I took another sip and looked up at the flat screen. Go figure, there was my father on CNN at his first official reelection campaign rally. I ignored it until they flashed our last family picture, Mom included—never a good sign. “Can you turn it up?”
The bartender rolled her eyes but did it.
With the music playing, it took all my concentration to hear my father.
“…and I’ll say it again: I respect the wishes of my children to live private lives outside the microscope of the press.” I just appear randomly and destroy them.
“So we won’t be seeing them during the campaign?”
“No, I won’t be trotting them out to smile for the cameras. I chose this life. They did not. I can say that I’m sincerely proud of the strong, independent adults they’re growing into. Of course, all that credit goes to my late wife. Now, how about we talk about this spending bill?”
Par for the course. Exemplary politician and a shit father. I tuned him out for the rest of the segment and put away two more beers in the next thirty minutes.
My keys disappeared off the bar, and I didn’t need to look to know that it was Josh. “Grayson’s got dinner waiting at home. Why don’t we get some food in you?”

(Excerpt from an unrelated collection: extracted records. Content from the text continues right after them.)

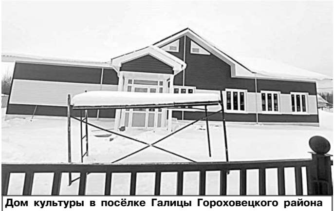
Дом культуры в посёлке Галицы Гороховецкого района

В рамках регионального проекта «Культурная среда» профильного нацпроекта в минувшем году был построен Дом культуры в посёлке Галицы Гороховецкого района. В этом году после благоустройства территории его введут в эксплуатацию. В Вязниках начато строительство Центра культурного развития, оно будет завершено в 2024 году;
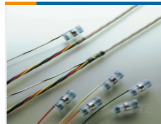
TE 产品编号632496N001 S02-20-R-5CS1093
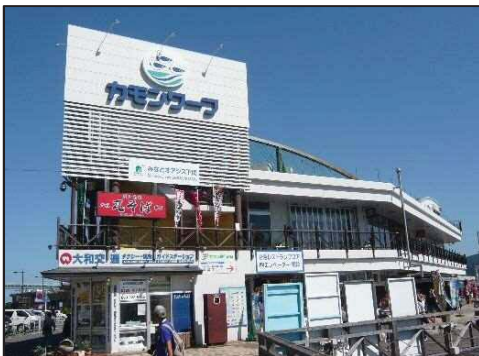
構成施設のイメージ
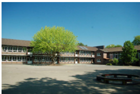
Grundschule Erik-Nölting

Frau Moch (Schülerfahrtkosten) Telefon: 02324 204-4272 s.moch@hattingen.de
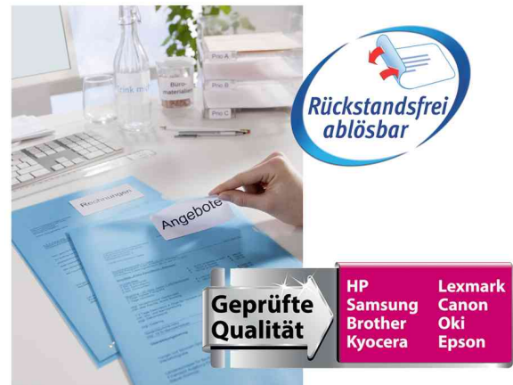
Etiketten, wiederablösbar, Anwendung

“How fucking domestic.” I laughed and finished off the longneck. “I think I’ll stay a little longer.”
“We have our final check rides tomorrow. A bar is the last place we need to be.”

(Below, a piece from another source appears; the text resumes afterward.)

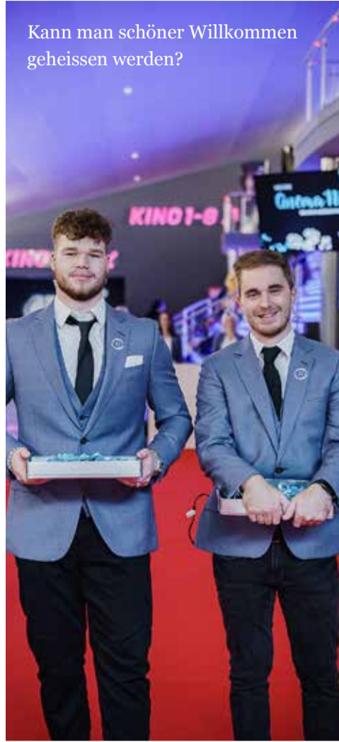
Kann man schöner Willkommen geheissen werden?
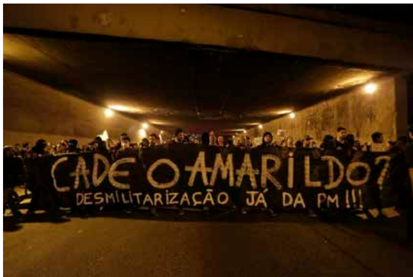
Imagem 7: Manifestação (RJ, 2013)

“Then leave.” I motioned for another beer, and the bartender complied.
Josh took the bar stool next to me and started peeling the label off my discarded bottle. “Jagger, I wouldn’t be here if it wasn’t for you. There’s no chance I’m leaving.”
“Yeah, well, all I did was suggest aviation. My dad pulled the strings to get us in, right? I don’t even fucking belong here. I wasn’t good enough to get in on merit, and sure as hell wasn’t good enough for…” Shit, it felt like I’d sliced open my heart to bleed out internally. I couldn’t even say her damn name out loud. Yeah, numb was better.
He watched me for a few moments before breaking the six-day-old ice. “You know she loves you.”
“I know.”
“You love her.”
“Yep.” Even after the vicious shit she’d pulled, I couldn’t stop myself. Because something about the way she’d snapped just wasn’t right, wasn’t her. Then again, seventeen unanswered text messages, six voice mails, and a flat-out refusal to come to the phone when I called her hospital room wasn’t exactly sending any another message.
“Then it’s going to be okay. It sucks right now, but you’ll find a way to work it out.”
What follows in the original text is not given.